On the front page of this Sunday’s New York Times, Martin Fackler strings together a series of anecdotes of decline and relative depravation to prove the point of his headline, “Japan Goes From Dynamic to Disheartened.” The time frame, of course, runs from the real estate bubble that dismantled Japan’s economy in the late ’80s and early ’90s to today—20 years of economic stagnation, or so Fackler and most other say.
The litany of Japan’s trouble sounds familiar, because we’ve heard it before—a family selling a house for less than they owe the bank; a new frugality among the young (as if it were a bad thing!); the downsizing of new houses.
Fackler has some calming words for his readers, though. Twenty years of stagnation probably won’t happen to the U.S. after the bursting of our real estate bubble. Why?, you may ask:
“….largely because of the greater responsiveness of the American political system and Americans’ greater tolerance for capitalism’s creative destruction. Japanese leaders at first denied the severity of their nation’s problems and then spent heavily on job-creating public works projects that only postponed painful but necessary structural changes, economists say.”

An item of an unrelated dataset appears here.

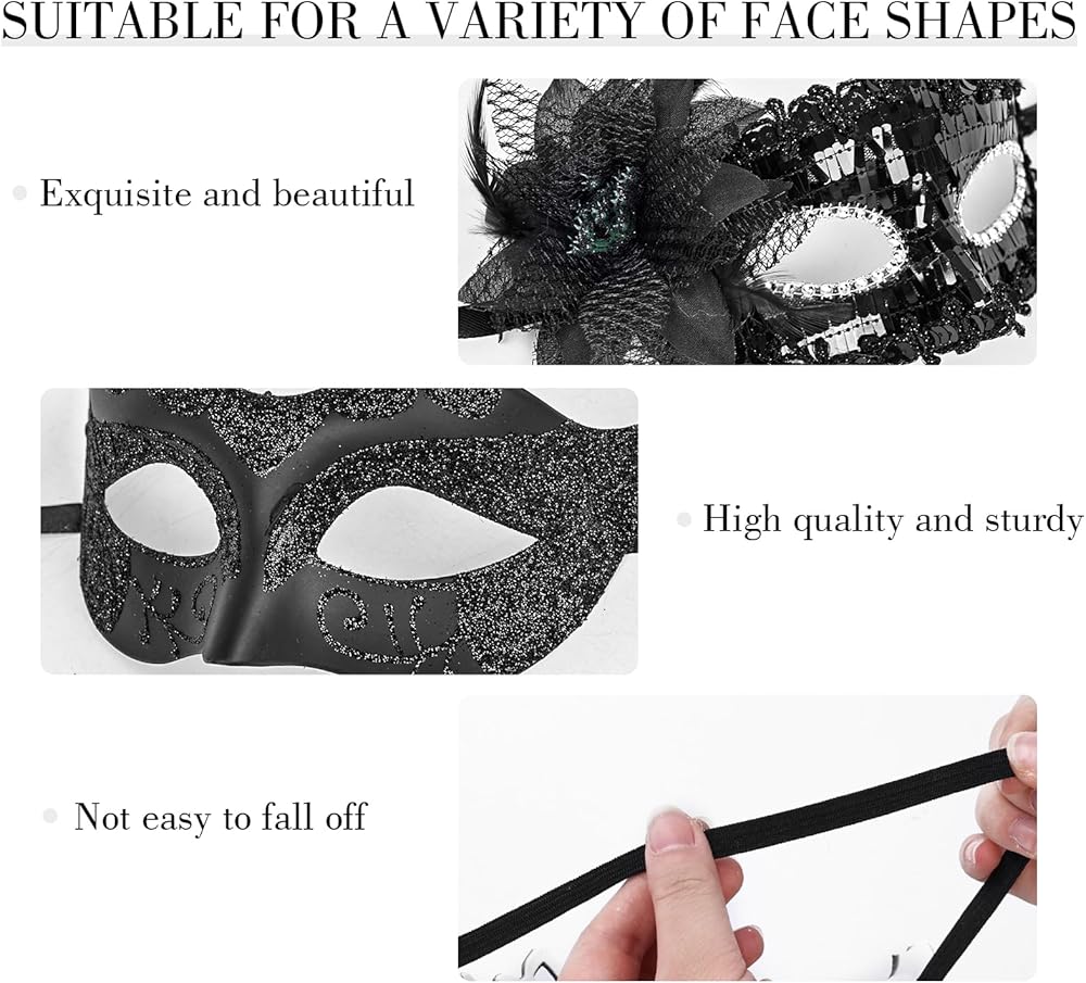 استخدامات متعددة - تعتبر الأقنعة التنكرية للأزواج مثالية لمجموعة واسعة من المناسبات بما في ذلك الحفلات التنكرية، والهالوين، والكرنفالات، وماردي جراس، والحفلات التنكرية، والنوادي الليلية، وحفلات الزفاف، والعروض المسرحية، والعديد من الاحتفالات والمناسبات.

In other words, we won’t make Japan’s mistake of investing in new roads, mass transit systems, bridge repairs, school facilities and other public works. By the way, from Rome under the Antonines, to Western Europe after the Black Plague, China in the Song Dynasty, New England before the Civil War and the United States in the 1930s-1960s, history tells us again and again that job-creating public works help all economies grow.
Fackler offers no proof, and does not even bother to cite the “economists” who say that public works will extend a recession into decades. Fackler accepts the free market as the only way to solve problems and government intervention as bad as the basic premises of his article. In fact, the very fact that he offers no other real contrast between Japan and the United States suggests that creating another opportunity to communicate free market ideology was the raison d’être, or prime motive, for writing the piece.
Let’s refute Fackler in three ways:
- He never proves that investment in public works extended the recession, he just says it. It’s likely that without public investment at whatever level Japan really made it, that the recession would have been much worse. No matter how the right-wing pundits try to twist the figures, the recovery programs of the United States and Western European countries prevented the recession from turning worse.
- When he contrasts Japan with the United States, he conveniently forgets about the last 11 years since our dot-come bubble burst in which incomes and investments have stagnated in the United States.
- Is it really true that Japan has stagnated? Everyone has been saying so for 20 years, but that’s the same “everyone” who says that because gross domestic product is up, we’re out of the recession even as unemployment dances around 10 percent.
We do know that China recently passed Japan to become the world’s second largest economy, but Japan is still way ahead of #4 India.
Let’s look at other key measures of economic well-being, all from the Economist’s Pocket World in Figures 2011. I think we’ll see that Japan is still doing pretty good on the whole:
- Most economic purchasing power – 3rd in world
- Standard of living – 29 (U.S.A. is 20!)
- Human development, which measures overall well-being – 9 (U.S.A. is 13!)
- Trader of goods – 4
- Surplus in balance of payments – 3 (U.S.A. is biggest debtor nation!)
Okay, China is kicking Japan’s butt in the competitive part of economics, but China is also kicking our butt and everyone else’s too.
Let’s look at Japan’s real problem: The fact that it rates first in median age in the world, first in percentage of people over the age of 60 and first in the percentage of people over the age of 80. That’s a lot of people who aren’t in the market for a new home.
In other words, Japan is the oldest nation and the one which is aging the fastest. As I discussed in yesterday’s blog entry, economists and policy makers haven’t done much work on the question of how to create a thriving economy when the population is aging and either stagnating or shrinking. Virtually all of economics assumes that the way to economic nirvana is growth, specifically in population and productivity.
Perhaps Japan’s economic stagnation is not a problem, just the natural result of an aging society. Perhaps Japan is as rich as it ever was but no richer, but that the distribution of its wealth among its residents has left pockets of distress, much as it has in the United States.